According to the United States Census Bureau, the CDP covers an area of 3.3 square miles (8.7 km^{2}), 3.1 square miles (8.1 km^{2}) of it is land and 0.2 square miles (0.5 km^{2}) of it (6.32%) is water.

===Physical character===
Lake Sherwood has approximately 660 residences and consists of a guard-gated golf-club community, three electronic-gated communities, and lake-view homes along Lake Sherwood Drive. The area is almost completely residential, most residents using neighboring Thousand Oaks, Westlake Village, or Agoura Hills for commercial needs.

==Demographics==

Lake Sherwood first appeared as a census designated place in the 2010 U.S. census.

Historical population
| Census | Pop. | Note | %± |
| 2010 | 1,527 |  | — |
| 2020 | 1,759 |  | 15.2% |
U.S. Decennial Census 1850–1870 1880-1890 1900 1910 1920 1930 1940 1950 1960 1970 1980 1990 2000 2010

===2020 census===

As of the 2020 census, Lake Sherwood had a population of 1,759, with a population density of 560.7 PD/sqmi. 83.8% of residents lived in urban areas, while 16.2% lived in rural areas.

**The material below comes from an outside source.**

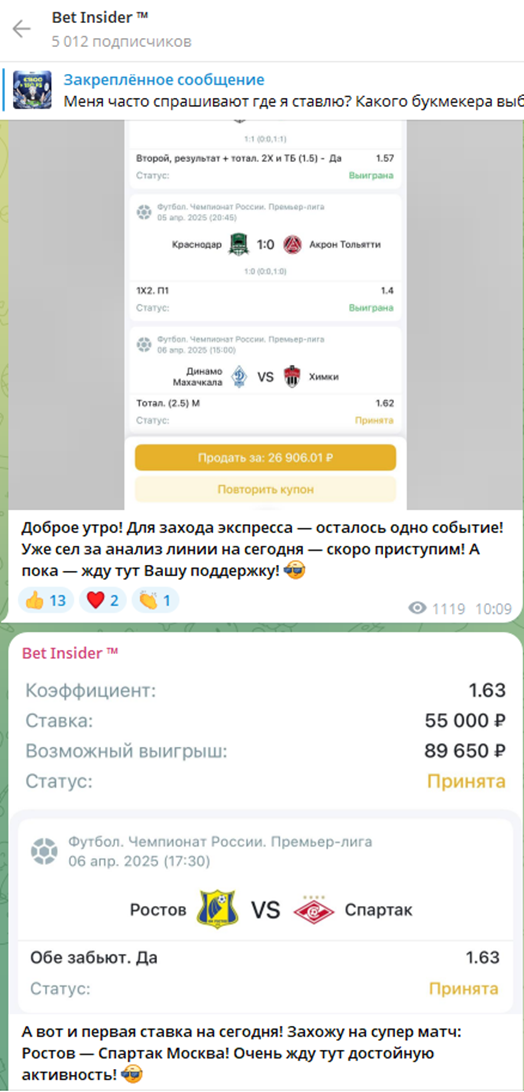Каждый день автор @by_Mir делится 1-2 ставками на футбольные или хоккейные матчи. Подробной аналитики от нашего героя ждать не стоит, в постах присутствуют только скрины купонов, а текст с разбором предстоящей встречи можно увидеть лишь в некоторых записях. У ординаров из телеграмм-канала Bet Insider котировки редко превышают планку 1.6. Это говорит о том, что основатель паблика привык выбирать событие с изначально большим шансом на заход. Такой подход свойственен для новичков и лудоманов, но никак не для опытных капперов. Экспрессы автор составляет из таких же событий, итоговый коэффициент по ним находится в промежутке от 4 до 10.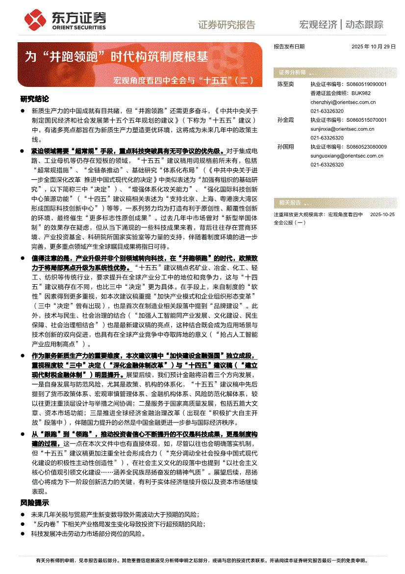 东方证券-宏观角度看四中全会与“十五五”(二):为“并跑领跑”时代构筑制度根基-251029

The whole population lived in households. There were 662 households, out of which 163 (24.6%) had children under the age of 18 living in them, 446 (67.4%) were married-couple households, 25 (3.8%) were cohabiting couple households, 107 (16.2%) had a female householder with no spouse or partner present, and 84 (12.7%) had a male householder with no spouse or partner present. 116 households (17.5%) were one person, and 57 (8.6%) were one person aged 65 or older. The average household size was 2.66. There were 517 families (78.1% of all households).

The age distribution was 315 people (17.9%) under the age of 18, 162 people (9.2%) aged 18 to 24, 232 people (13.2%) aged 25 to 44, 599 people (34.1%) aged 45 to 64, and 451 people (25.6%) who were 65 years of age or older. The median age was 52.4 years. For every 100 females, there were 102.2 males. For every 100 females age 18 and over, there were 102.2 males age 18 and over.

There were 706 housing units at an average density of 225.1 /mi2, of which 662 (93.8%) were occupied and 44 (6.2%) were vacant. Of occupied units, 580 (87.6%) were owner-occupied and 82 (12.4%) were occupied by renters. The homeowner vacancy rate was 1.3% and the rental vacancy rate was 9.7%.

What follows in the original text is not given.